§ **WHAT IS NEEDED**:
The listing that follows should be copied in full and exactly, with no pictures.

§ **PROVIDED MATERIAL**:
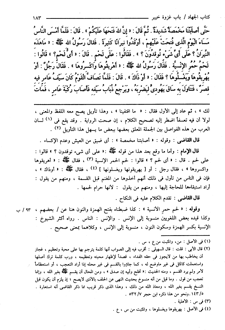 وقوله: " لحم حمرِ الأنسية ": كذا ضبطناه بفتح الهمزة والنون هنا عن بعضهم، وكذا قيده بعض اللغويين منسوبة إلى الإنس. والإنس: الناس. رواه أكثر الشيوخ: الإنسية بكسر الهمزة وسكون النون، منسوبة إلى الإنس، وكلاهما بمعنى صحيح.
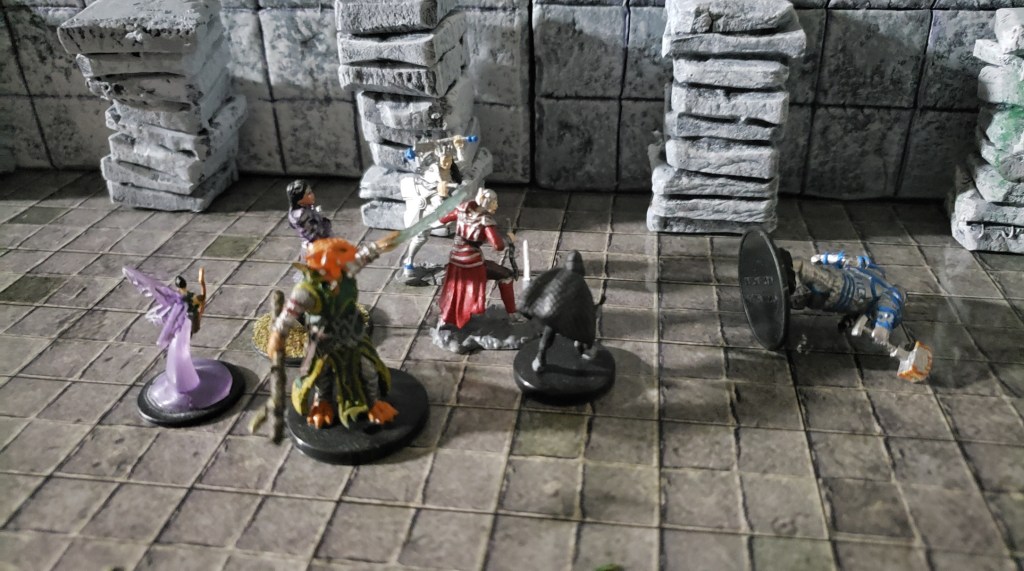 Before falling asleep, the party set up a watch. Aleera’s sprite and Kariss’ snake, Kess, were standing guard with one person rotating through the “night”. They dreamt, that night, of knives stabbing backs and brother turning on brother. Kaladrax in particular had dreams of shadows and snarling fangs of a large creature.
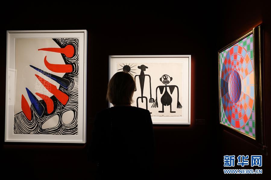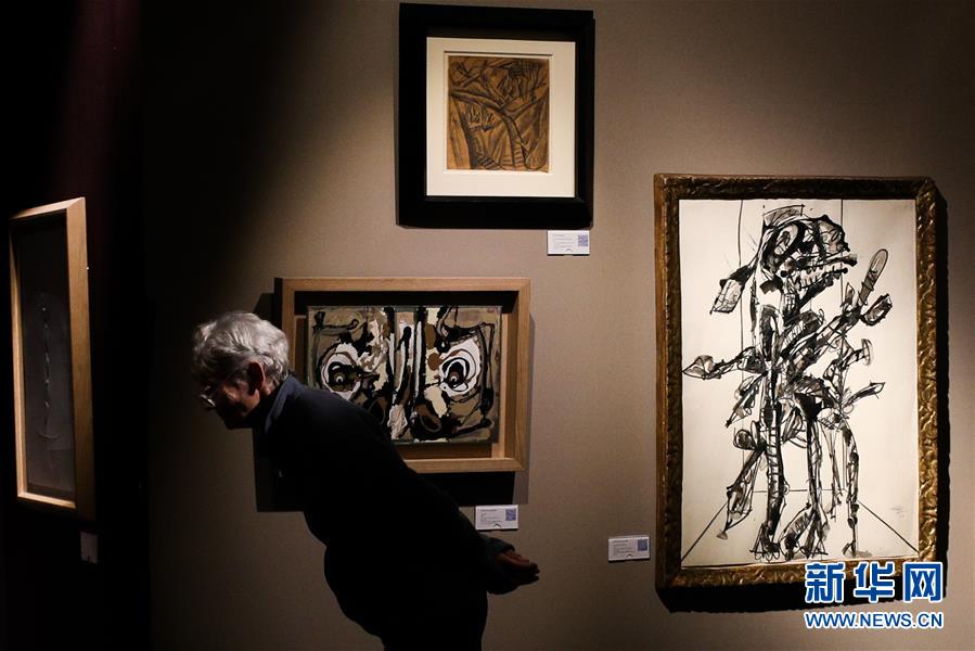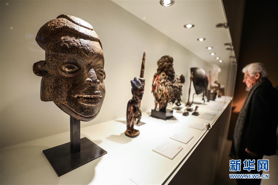 1月28日,参观者在比利时布鲁塞尔古董艺术博览会上观看艺术展品。

§ **RESPONSE AREA**:
 وقوله: " لحم حمرِ الأنسية ": كذا ضبطناه بفتح الهمزة والنون هنا عن بعضهم، وكذا قيده بعض اللغويين منسوبة إلى الإنس. والإنس: الناس. رواه أكثر الشيوخ: الإنسية بكسر الهمزة وسكون النون، منسوبة إلى الإنس، وكلاهما بمعنى صحيح.
 Before falling asleep, the party set up a watch. Aleera’s sprite and Kariss’ snake, Kess, were standing guard with one person rotating through the “night”. They dreamt, that night, of knives stabbing backs and brother turning on brother. Kaladrax in particular had dreams of shadows and snarling fangs of a large creature.
 1月28日,参观者在比利时布鲁塞尔古董艺术博览会上观看艺术展品。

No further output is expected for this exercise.